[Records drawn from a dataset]

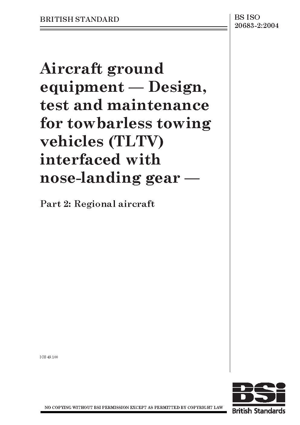 Aircraft ground equipment. Design, testing and maintenance requirements for nose gear towbarless towing vehicle (TLTV) Regional aircraft
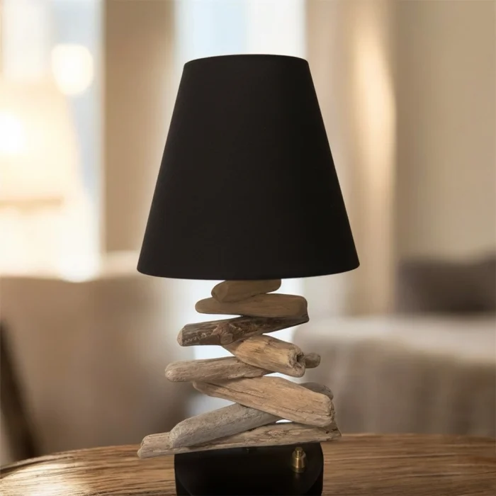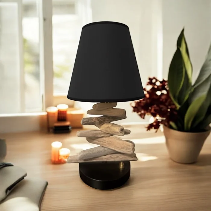The work will be placed in the box and carefully packaged to prevent damage during shipping. Since it is handmade, there may be color and pattern differences. It is operated with the click key system. The cap color is black and its diameter is 18 cm. The total height of the lampshade is approximately 33 cm (may vary depending on driftwood dimensions).
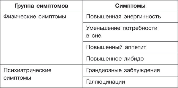 Мания предполагает чрезвычайно повышенное настроение, которое может быть эйфорическим или раздражительным. Это наиболее сильный и пугающий из симптомов биполярного расстройства. В маниакальном состоянии регулятор настроения выкручен на «высокое» (табл. 1.1). У многих людей с биполярным расстройством может вообще не наблюдаться эпизодов с полностью сформированной манией, однако наличие эпизода маниакального состояния подтверждает диагноз.
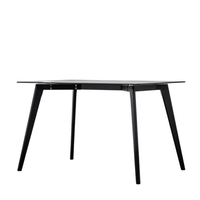 This lovely dining table features a beautifully designed solid oak base with a black finish combined with a smoked tempered glass top to give a stunning contemporary look. It is part of a collection offering a range of tables, in the black oak and smoked glass, and also with natural oak bases paired with clear glass.
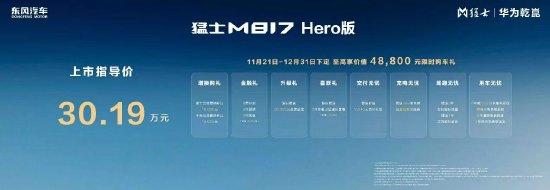 新浪科技訊 11月24日晚間消息,猛士廣州車展期間,上市售猛士M817 Hero版正式上市,搭載指導價為30.19萬元。鴻蒙
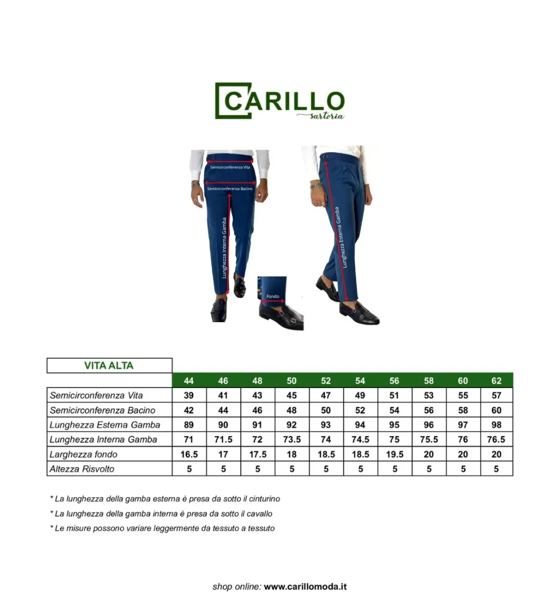 – La vestiblilità dei nostri Pantaloni Sartoriali è Regular, se invece cerchi una vestibilità più slim prendi tranquillamente una taglia in meno.
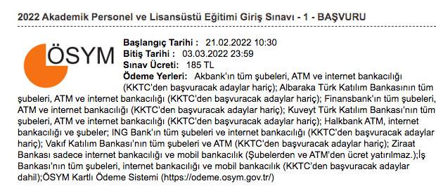 Adaylar sınav ücretini kılavuzun son sayfasında belirtilen bankalardan birine veya ÖSYM'nin internet sayfasında e-İŞLEMLER'de yer alan "ÖDEMELER" alanından kredi kartı/banka kartı ile başvuru süresi içinde yatıracaklardır.

▶ **Task instructions**
All of the records need to be reproduced exactly, with each picture omitted.

▶ **Solution to this task**
 Aircraft ground equipment. Design, testing and maintenance requirements for nose gear towbarless towing vehicle (TLTV) Regional aircraft
The work will be placed in the box and carefully packaged to prevent damage during shipping. Since it is handmade, there may be color and pattern differences. It is operated with the click key system. The cap color is black and its diameter is 18 cm. The total height of the lampshade is approximately 33 cm (may vary depending on driftwood dimensions).
 Мания предполагает чрезвычайно повышенное настроение, которое может быть эйфорическим или раздражительным. Это наиболее сильный и пугающий из симптомов биполярного расстройства. В маниакальном состоянии регулятор настроения выкручен на «высокое» (табл. 1.1). У многих людей с биполярным расстройством может вообще не наблюдаться эпизодов с полностью сформированной манией, однако наличие эпизода маниакального состояния подтверждает диагноз.
 This lovely dining table features a beautifully designed solid oak base with a black finish combined with a smoked tempered glass top to give a stunning contemporary look. It is part of a collection offering a range of tables, in the black oak and smoked glass, and also with natural oak bases paired with clear glass.
 新浪科技訊 11月24日晚間消息,猛士廣州車展期間,上市售猛士M817 Hero版正式上市,搭載指導價為30.19萬元。鴻蒙
 – La vestiblilità dei nostri Pantaloni Sartoriali è Regular, se invece cerchi una vestibilità più slim prendi tranquillamente una taglia in meno.
 Adaylar sınav ücretini kılavuzun son sayfasında belirtilen bankalardan birine veya ÖSYM'nin internet sayfasında e-İŞLEMLER'de yer alan "ÖDEMELER" alanından kredi kartı/banka kartı ile başvuru süresi içinde yatıracaklardır.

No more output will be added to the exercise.